_ASSIGNED TASK_: I'd like the data below restated word for word, with the pictures left out.

##### PROVIDED DATA #####

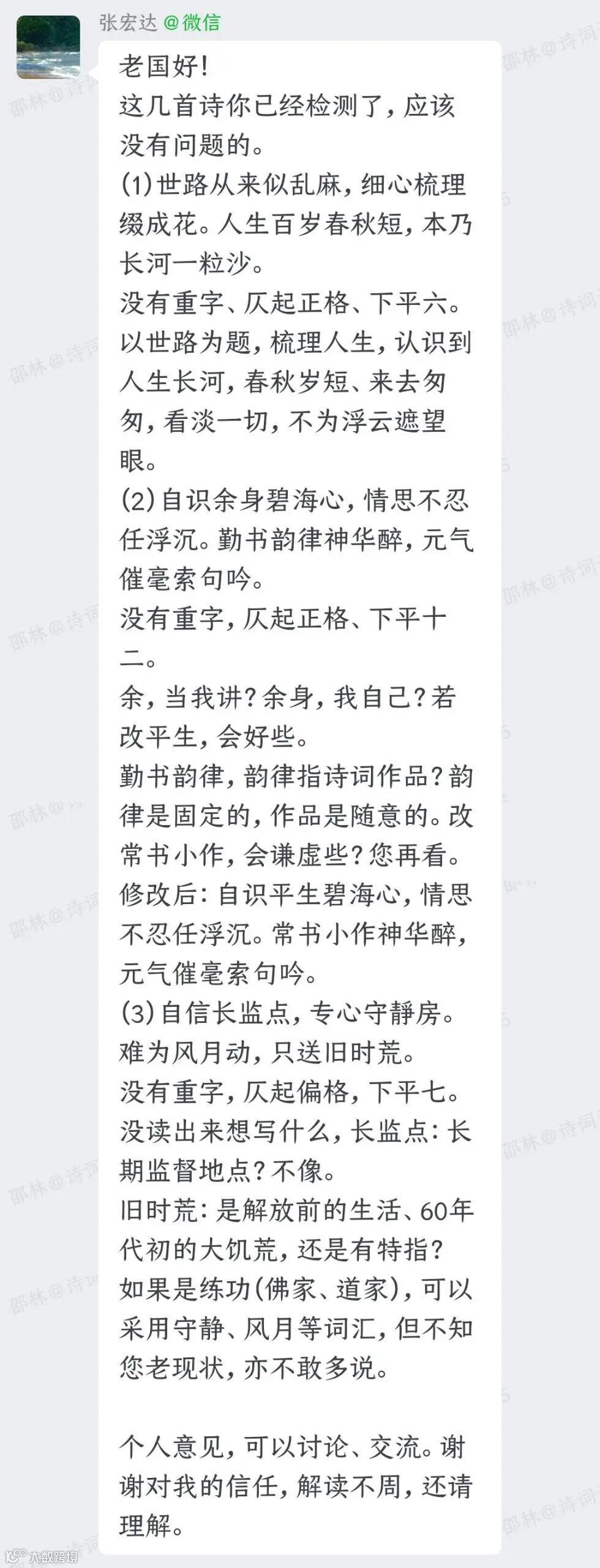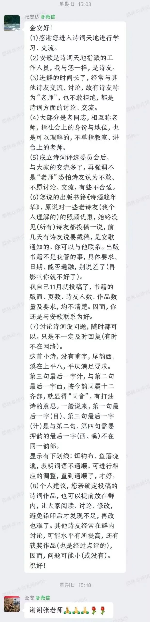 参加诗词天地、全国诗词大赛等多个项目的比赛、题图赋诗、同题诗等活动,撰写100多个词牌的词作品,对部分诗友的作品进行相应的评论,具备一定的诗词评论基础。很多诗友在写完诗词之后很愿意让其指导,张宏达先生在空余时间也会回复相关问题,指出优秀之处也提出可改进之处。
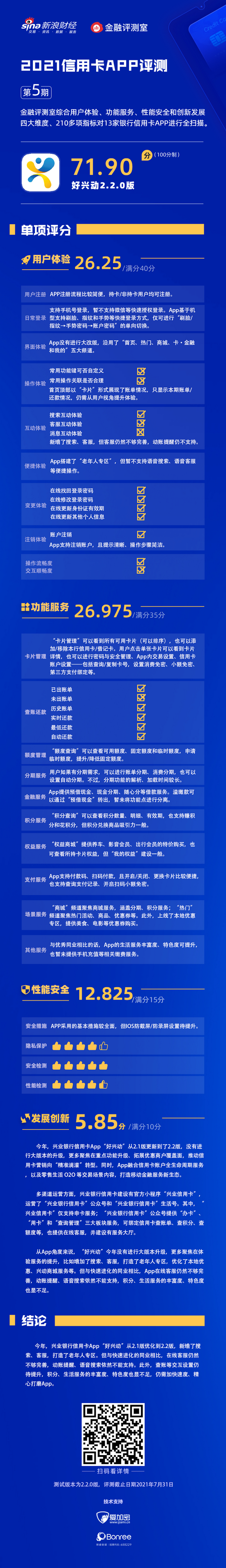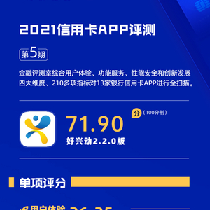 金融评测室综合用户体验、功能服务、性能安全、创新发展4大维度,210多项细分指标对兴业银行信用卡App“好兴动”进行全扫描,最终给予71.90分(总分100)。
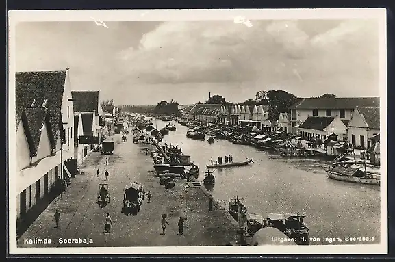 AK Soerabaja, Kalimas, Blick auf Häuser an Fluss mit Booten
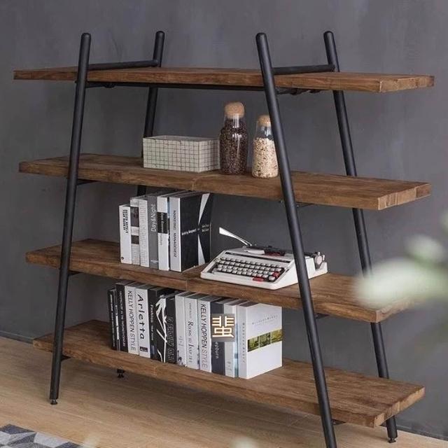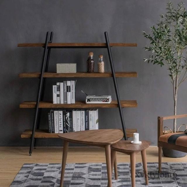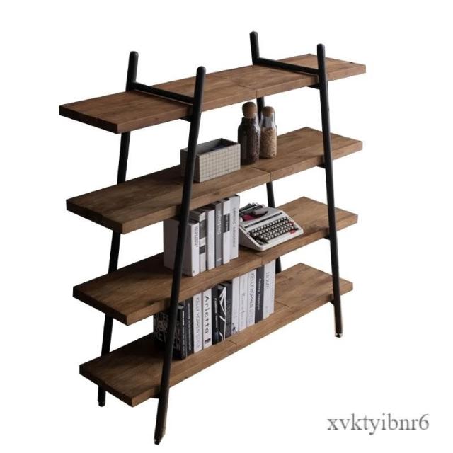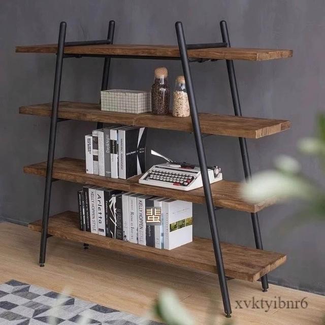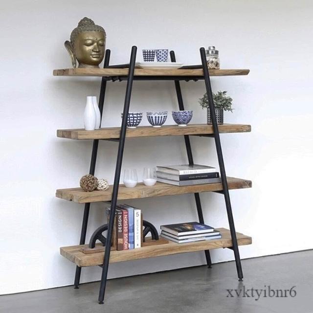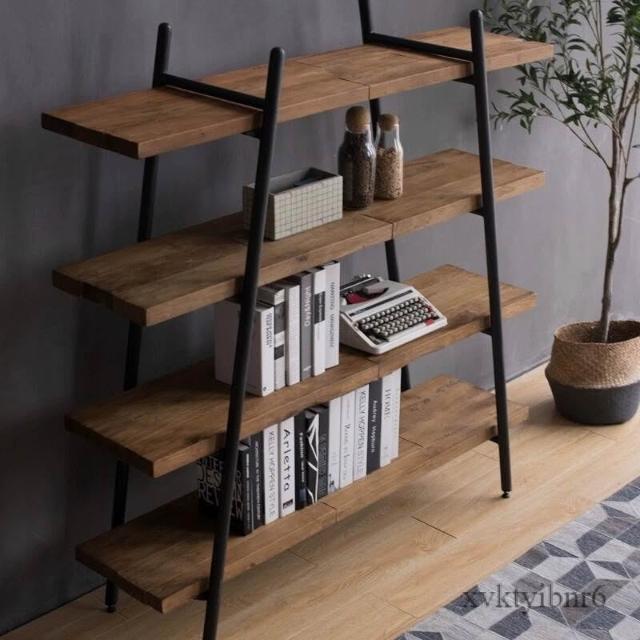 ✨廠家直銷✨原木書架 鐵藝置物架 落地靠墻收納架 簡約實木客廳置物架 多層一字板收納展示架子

#####

_FINAL ANSWER_:
 参加诗词天地、全国诗词大赛等多个项目的比赛、题图赋诗、同题诗等活动,撰写100多个词牌的词作品,对部分诗友的作品进行相应的评论,具备一定的诗词评论基础。很多诗友在写完诗词之后很愿意让其指导,张宏达先生在空余时间也会回复相关问题,指出优秀之处也提出可改进之处。
 金融评测室综合用户体验、功能服务、性能安全、创新发展4大维度,210多项细分指标对兴业银行信用卡App“好兴动”进行全扫描,最终给予71.90分(总分100)。
 AK Soerabaja, Kalimas, Blick auf Häuser an Fluss mit Booten
 ✨廠家直銷✨原木書架 鐵藝置物架 落地靠墻收納架 簡約實木客廳置物架 多層一字板收納展示架子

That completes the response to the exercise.